ABOUT THIS EXERCISE
Using the data that follows, give again word for word the lines between the one holding "Erzengel GabrielRommie verliebt" and the one holding "VOYLLA Festive Hues", inclusive. Omit the pictures.

Records from a dataset
........
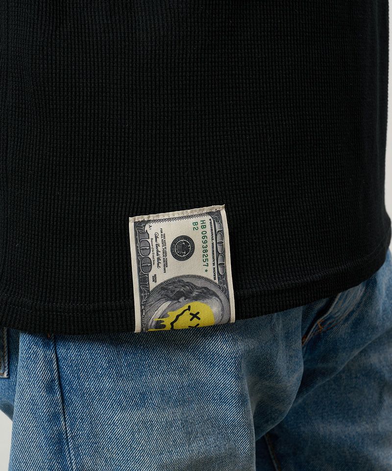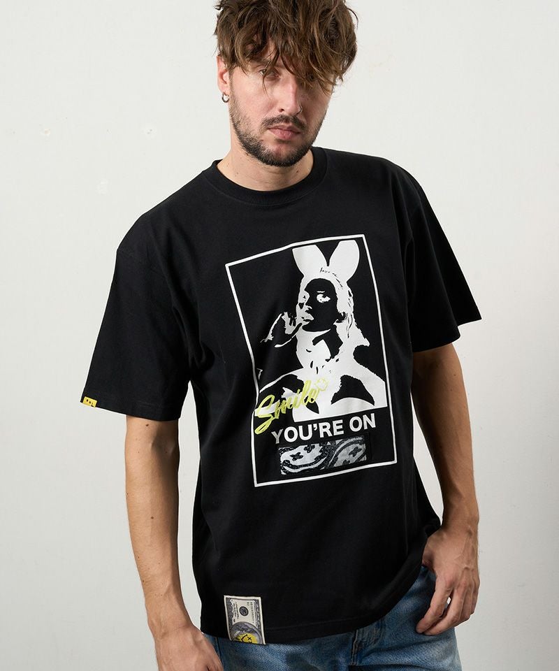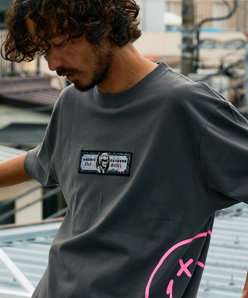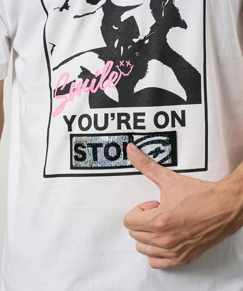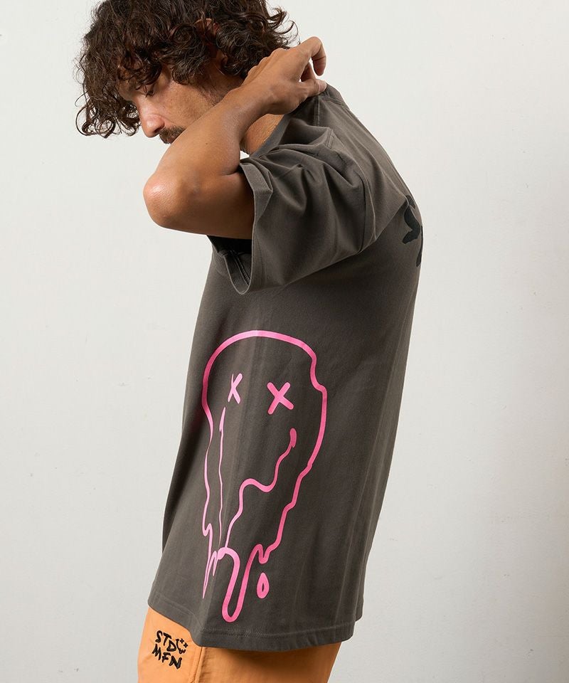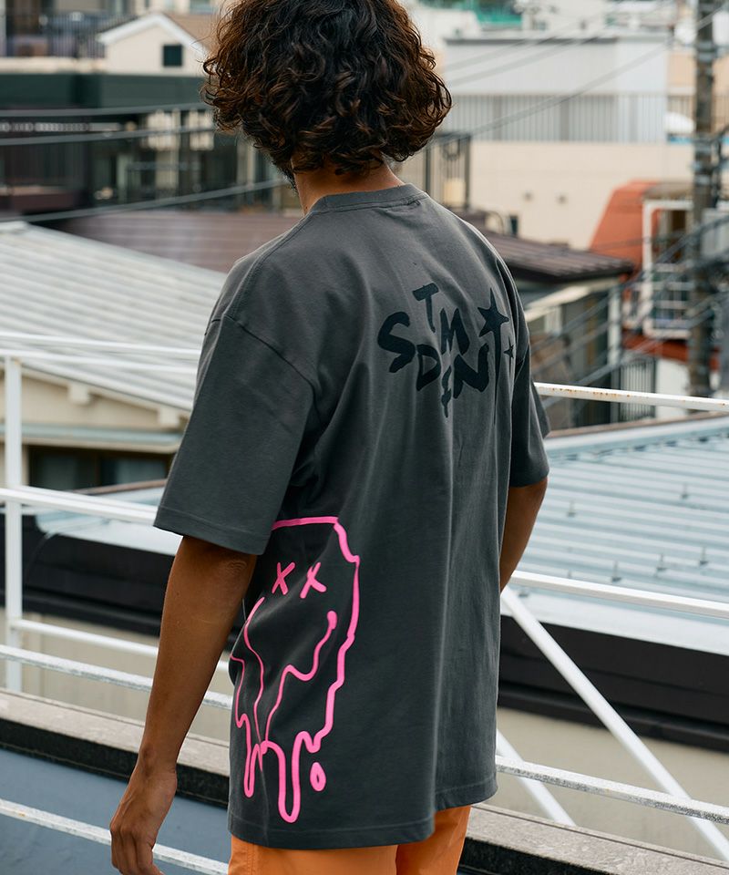 STUD MUFFIN 【STUD MUFFIN(スタッドマフィン)】【予約販売4月中旬~下旬入荷】5.6ozコットン天竺 クレジットシークイン&ドリップスマイル SSシャツ Tシャツ(614-02882)
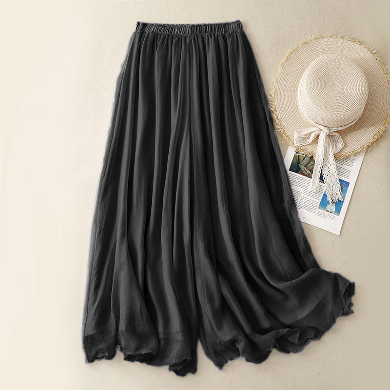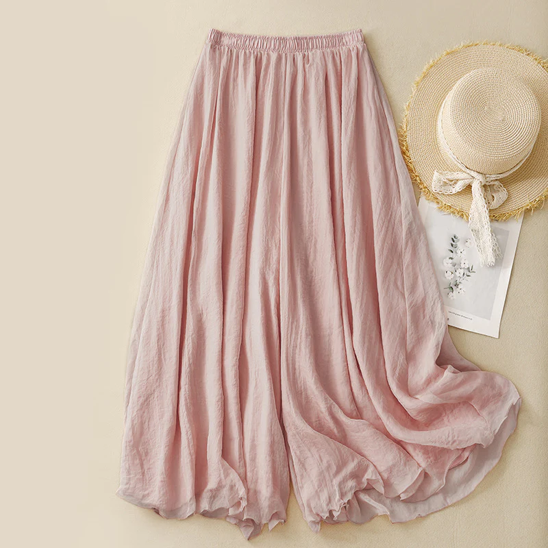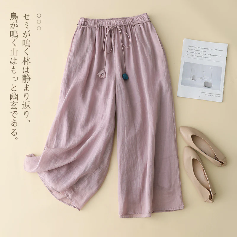3372 Comfortable lace-up versatile wide-leg pants, summer super fairy Tencel hemp pants skirt, loose and drape casual women's pants
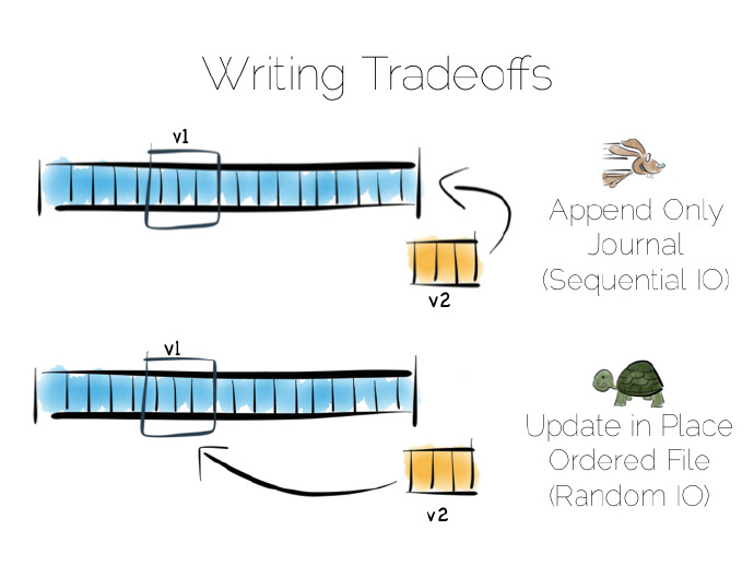 我们第一次做出权衡,将“日记”或者“日志”放在文件末尾,就能保证有序获取进而提高性能。另外倘若某处需要更新数据,可以实现每秒300次左右的读取,前提是更新数据刷入底层介质中。
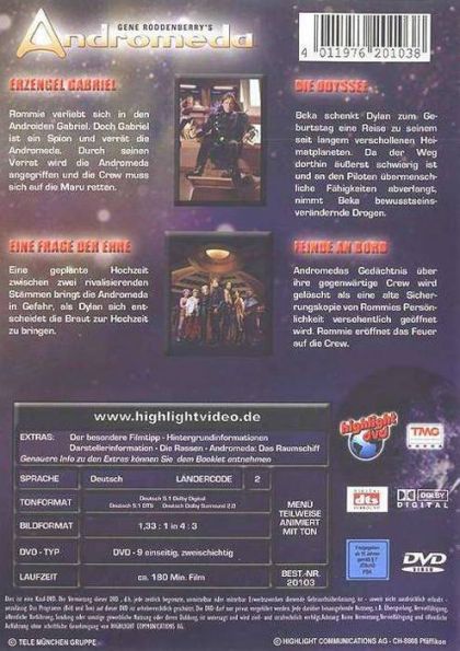 Erzengel GabrielRommie verliebt sich in den Androiden Gabriel. Doch Gabriel ist ein Spion und verrät die Andromeda. Durch seinen Verrat wird die Andromeda angegriffen und die Crew muss sich auf die Maru retten.Die OdysseeBeka schenkt Dylan zum Geburtstag eine Reise zu seinem seit langem verschollen Heimatplaneten. Da der Weg dorthin äußerst schwierig ist und an den Piloten übermenschliche Fähigkeiten abverlangt, nimmt Beka bewusstseinsverändernde Drogen.Eine Frage der EhreEine geplante Hochzeit zwischen zwei rivalisierende Stämmen bringt die Andromeda in Gefahr, als Dylan sich entscheidet die Braut zur Hochzeit zu bringen.Feinde an BordAndromedas Gedächtnis über ihre gegenwärtige Crew wird gelöscht als eine alte Sicherheitskopie von Rommies Persönlichkeit versehentlich geöffnet wird. Rommie eröffnet das Feuer auf die Crew.
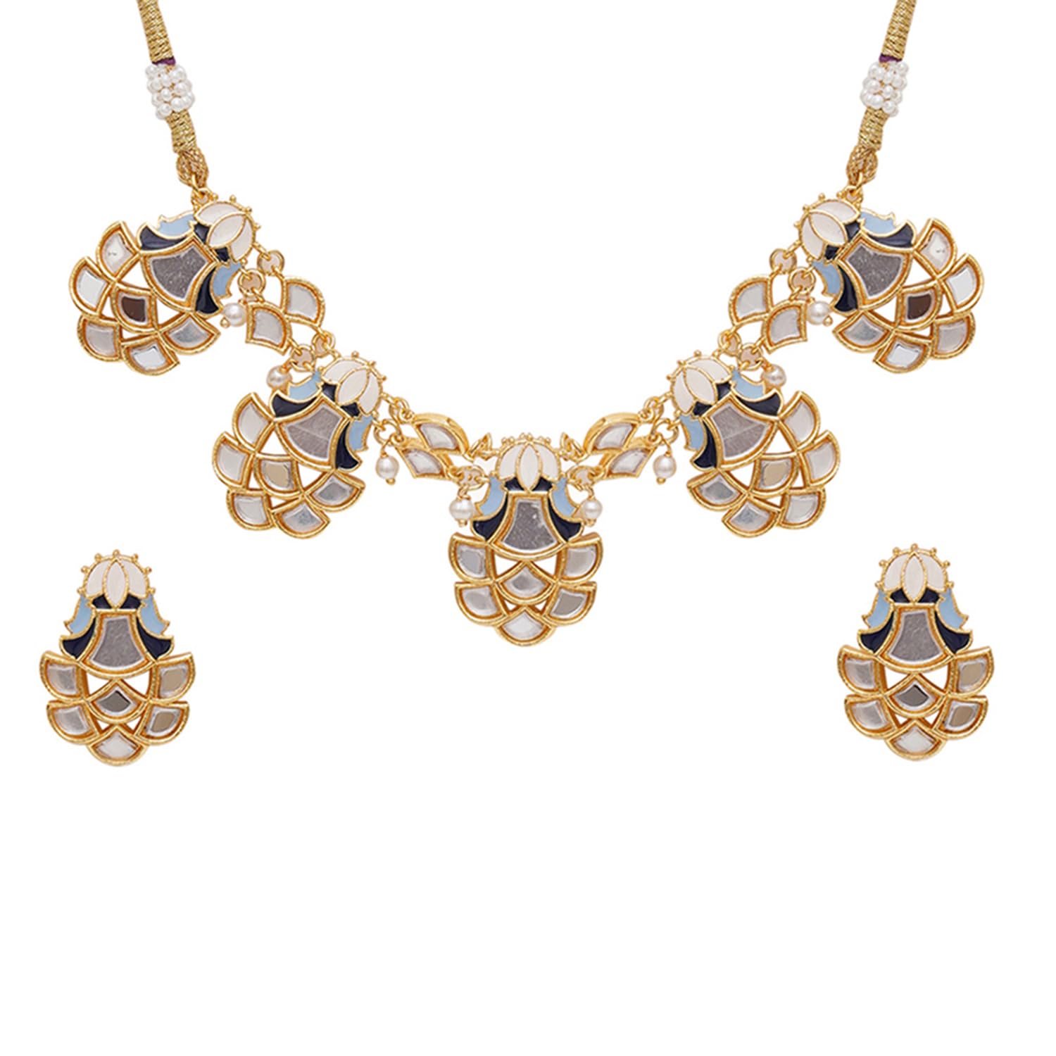 VOYLLA Festive Hues Mirror Work Enamelled Brass Gold Plated Choker Jewellery Set
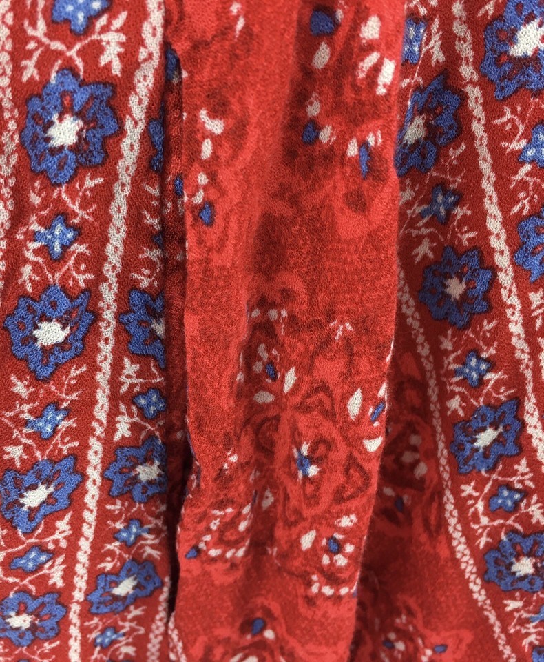 Fun in the summertime! I Deep v-neck 5 button romper in red, with blue and white ikat floral design. Front can be open to waist. Keyhole opening on back from neck to waist. Use with or without matching cloth belt. One loop at side is missing. No holes or stains. Zipper in back works great.
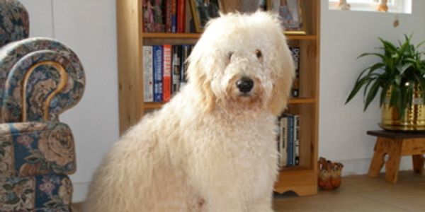 He (Wyatt) is the most awesome dog, he weighs a little under 90 pounds now and his hair has stayed pretty much white, he is sooo loving (my shadow ) and extremely smart and quite the people magnet. We can't go anywhere without being stopped by people wanting to know what kind of dog he is... he lives to chase a ball and play in the surf. He is a perfect boy off his leash and loves to visit new dogs and people.
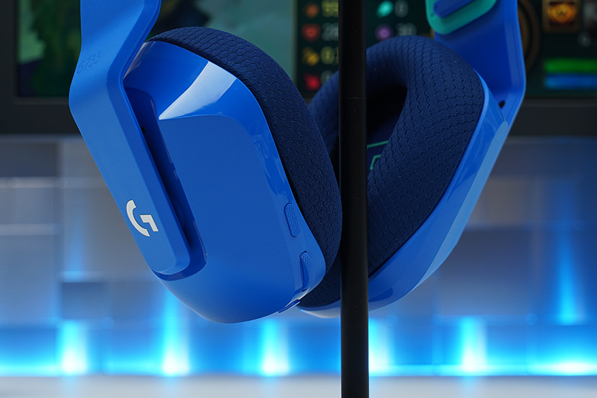 로지텍 G733 무선 게이밍 헤드셋의 왼쪽 하우징에는 온이어 음소거와 온/오프 스위치 그리고 볼륨 컨트롤이 배치되어 있습니다. 특히 일부 버튼은 표면에 엠보싱 처리가 되어 있어서 눈으로 확인하지 않고도 감각만으로 간편하게 조작할 수 있습니다.
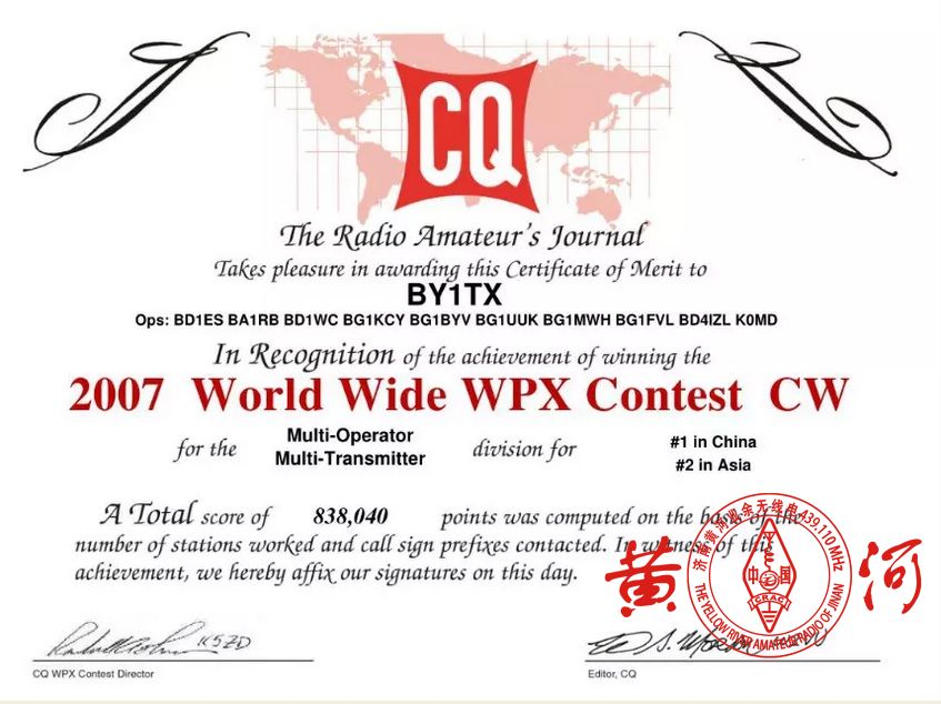 2008年参加国际CQWW-CW比赛,获得中国第一名,可惜奖状找不到了。
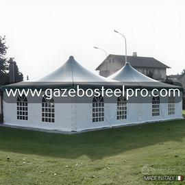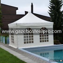 Certificato per uso pubblico e prodotto in Italia con garanzia italiana, il Gazebo Airone Basic è la soluzione ideale per creare un ambiente elegante e sicuro per qualsiasi tipo di evento.
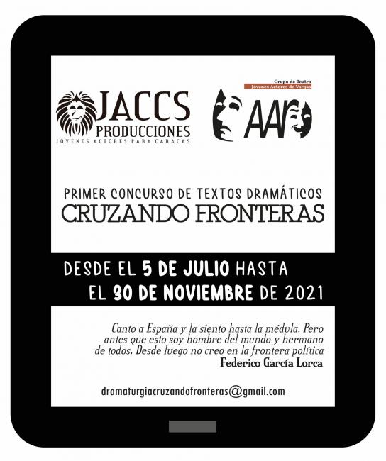 Con el propósito de desarrollar y fortalecer la dramaturgia e incitar a la realización de obras de autores venezolanos o residentes en Venezuela, viabilizando su proyección nacional e internacional, los Grupo de Teatro Jóvenes Actores para Caracas (JACCS Producciones) y Jóvenes Actores de Vargas (JAVar) convocan al Primer CONCURSO DE TEXTOS DRAMÁTICOS "CRUZANDO FRONTERAS" el cual contempla las siguientes bases:
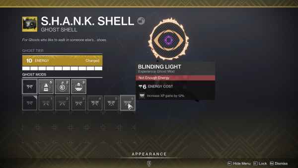 Second, set up the Blinding Light mod on your Ghost. This mod needs six energy at the highest level and is placed in the first mod slot of your Ghost. It will grant you 12% bonus experience or lower amounts depending on which version you use. As long as you are on the chase for experience in order to rank up a vendor, or your Artifact, you should always have this mod equipped.
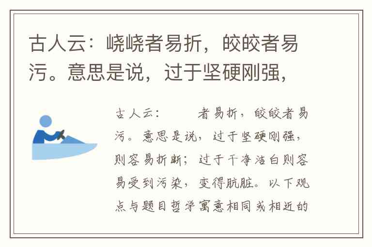 “峣峣者易折,皎皎者易污”蕴含着中国古代朴素的辩证思想,揭示了事物发展超过一定限度会向相反方向转化的规律——过于刚直易遭摧折,过于洁净易被污染,体现了矛盾双方在特定条件下相互依存、相互转化的哲学原理。这一智慧在以下观点中得到呼应:
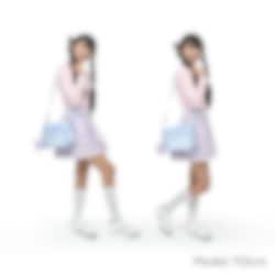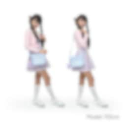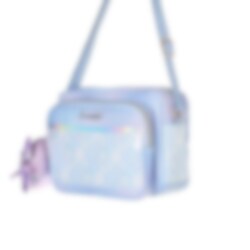 Blå rutig axelväska med karamell-börs
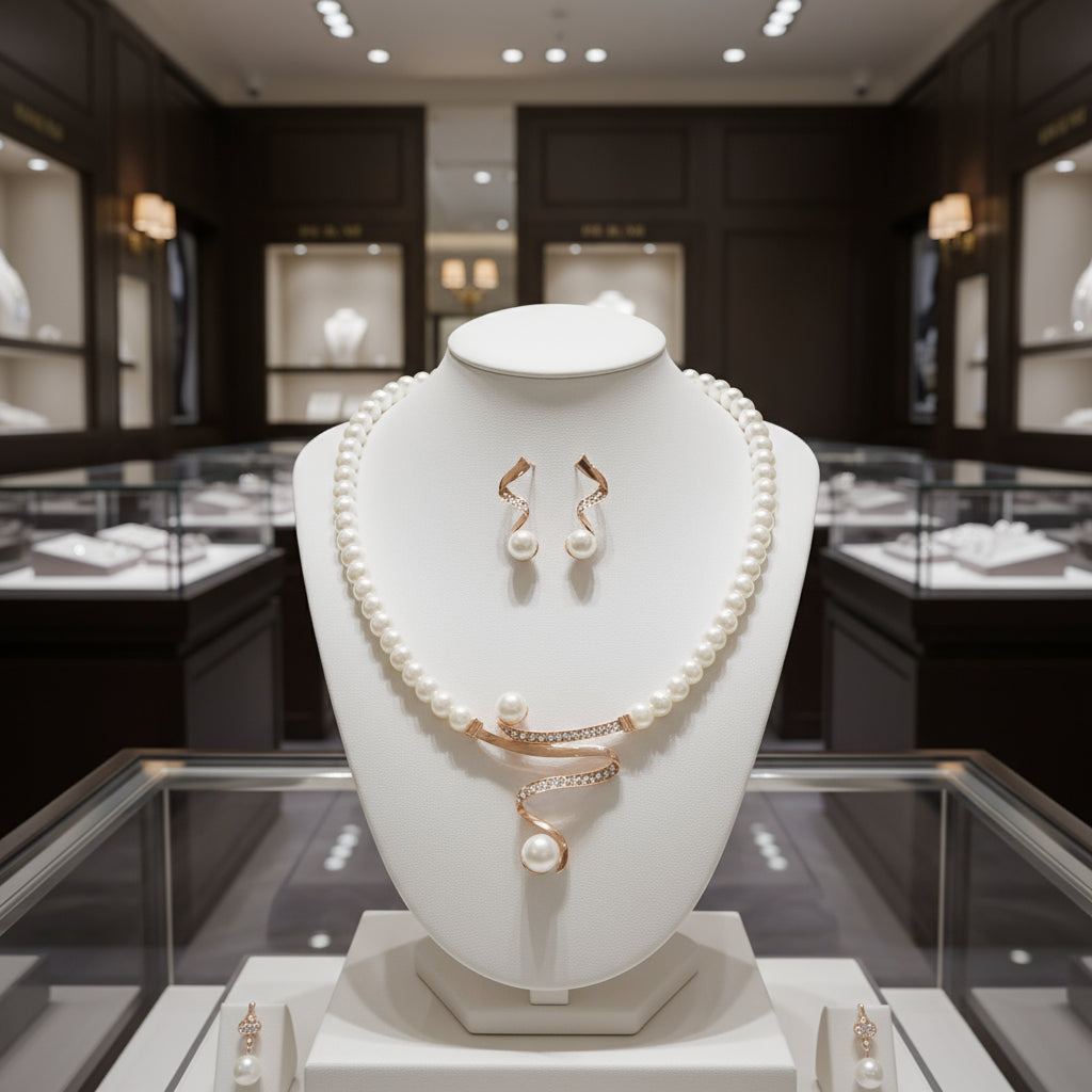 Réinventez le classique avec cet ensemble collier et boucles d'oreilles. Il associe la pureté intemporelle d'un collier de perles fines à un pendentif sculptural. La monture, ornée de zircons scintillants, dessine une élégante vague ou spirale autour d'une perle centrale. Ce bijou est le choix parfait pour la mariée moderne ou pour toute occasion exigeant une sophistication discrète et un luxe contemporain.
........
RESPONSE AREA
 Erzengel GabrielRommie verliebt sich in den Androiden Gabriel. Doch Gabriel ist ein Spion und verrät die Andromeda. Durch seinen Verrat wird die Andromeda angegriffen und die Crew muss sich auf die Maru retten.Die OdysseeBeka schenkt Dylan zum Geburtstag eine Reise zu seinem seit langem verschollen Heimatplaneten. Da der Weg dorthin äußerst schwierig ist und an den Piloten übermenschliche Fähigkeiten abverlangt, nimmt Beka bewusstseinsverändernde Drogen.Eine Frage der EhreEine geplante Hochzeit zwischen zwei rivalisierende Stämmen bringt die Andromeda in Gefahr, als Dylan sich entscheidet die Braut zur Hochzeit zu bringen.Feinde an BordAndromedas Gedächtnis über ihre gegenwärtige Crew wird gelöscht als eine alte Sicherheitskopie von Rommies Persönlichkeit versehentlich geöffnet wird. Rommie eröffnet das Feuer auf die Crew.
 VOYLLA Festive Hues Mirror Work Enamelled Brass Gold Plated Choker Jewellery Set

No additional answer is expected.